Over the past couple of months, I have been reading a lot about the wives of Adoniram Judson, an American missionary who served in Burma. Their lives were not easy. Beset with fever, his first wife Ann was forced to appear daily before the Burmese government to petition for the release of her husband when he was imprisoned during the Anglo-Burmese War. She was nursing a small infant at the time, and the trips undermined her already fragile health. It was only after he was released that she agreed to return to Amherst, Massachusetts, to attempt to recover her failing health. Her planned convalescence was not enough, and she died in Amherst, thousands of miles away from her husband. The lives of his second and third wives would be no easier. The second, whom he married after Ann’s death, would have eight children. Those who survived infancy would be sent to the United States to be educated. His third wife, whom he married after his second died on her way to St. Helena, would only be married for four years before her husband succumbed to illness.

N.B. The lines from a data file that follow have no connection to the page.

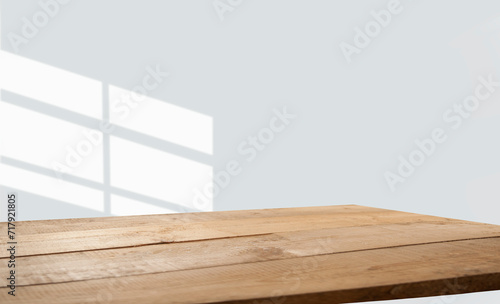 empty table with window shadow on light wall background for product mockup display. kitchen interior theme
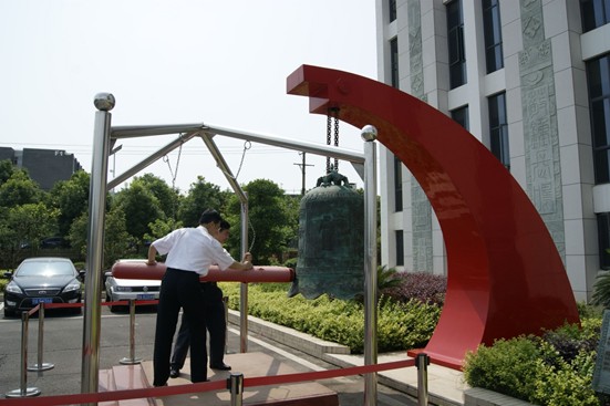 在反腐倡廉警示教育基地大楼前,党组成员、副局长曾向阳和党组成员、纪检组长笱淮远代表机关全体党员干部,共同敲响“廉政警钟”,钟声悠长而清远,喻示反腐倡廉工作要做到警钟长鸣。
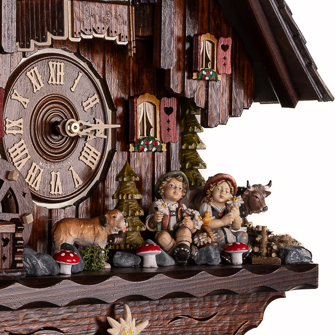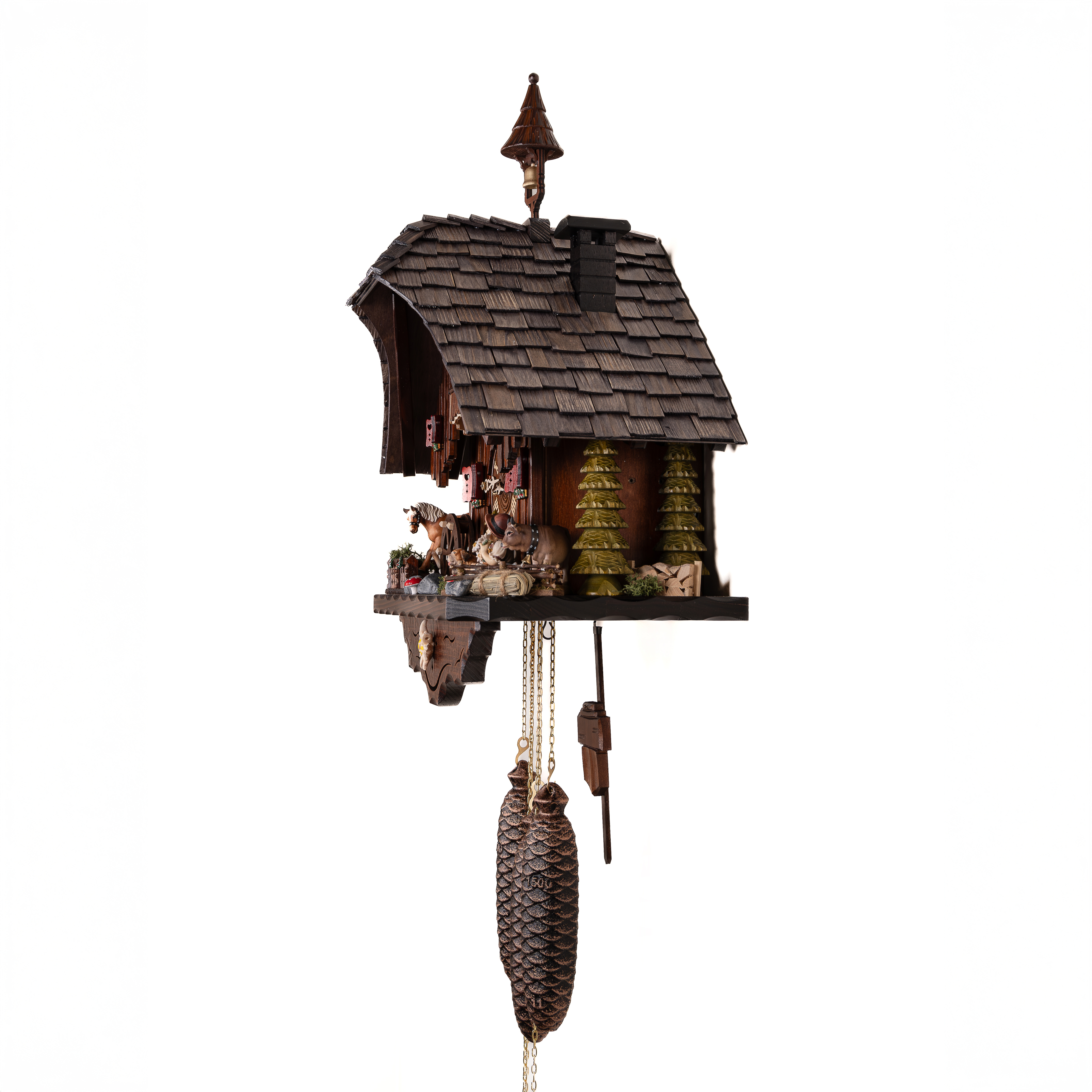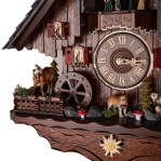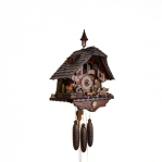 Механизм: Механические часы с кукушкой, которые работают от гирь на цепной тяге. Сделан на фирме SBS-Feintechnik GmbH & Co. KG Германия. Шварцвальдский дом с танцующими парами на балконе. Запас хода на 8 дней. Ручное отключение звука. В каждые пол часа кукушка появляется из своего домика, наклоняется и воспроизводит звук кукушки (ку-ку) один раз, в каждый полный час она кукует столько раз сколько показывают стрелки на часах. После этого на балкончике начинают кружиться в танце деревянные фигурки под музыку (2 мелодии чередуются). Одна гиря в данных часах отвечает за ход часового механизма, вторая за механизм кукушки, а третья за воспроизведение музыки, как в музыкальной шкатулке и движение танцующих фигурок на балконе.

Reading their memoirs and autobiographies, it is easy to feel admiration for such women. They spent years isolated from the friends and families who had given them succor during their childhood and endured many hardships as missionaries. In spite of all of this, their letters stressed the fact that they felt blessed and that God had blessed their missions. On the other hand, postcolonialism and postmodernism have changed the way that we view the mission of these women. It no longer seems to desirable to seek to change the cultures of people living in Asia, Africa, or the South Pacific. Their writings can seem shortsighted and myopic. Ann Judson believed that it was her duty to educate the people of Burma and teach them to be civilized. This was no less a part of her mission than preaching the gospel.
As feminists, how do we deal with the writings of such women? Their histories are as much a part of women’s history as those of Emmeline Pankhurst or Susan B. Anthony, and yet, to focus their experiences uncritically would seem to minimize the voice of the men and women who Judson tried to evangelize. Is it possible to write a history that is sympathetic towards women like Ann Judson and yet takes seriously the narrowness of their vision?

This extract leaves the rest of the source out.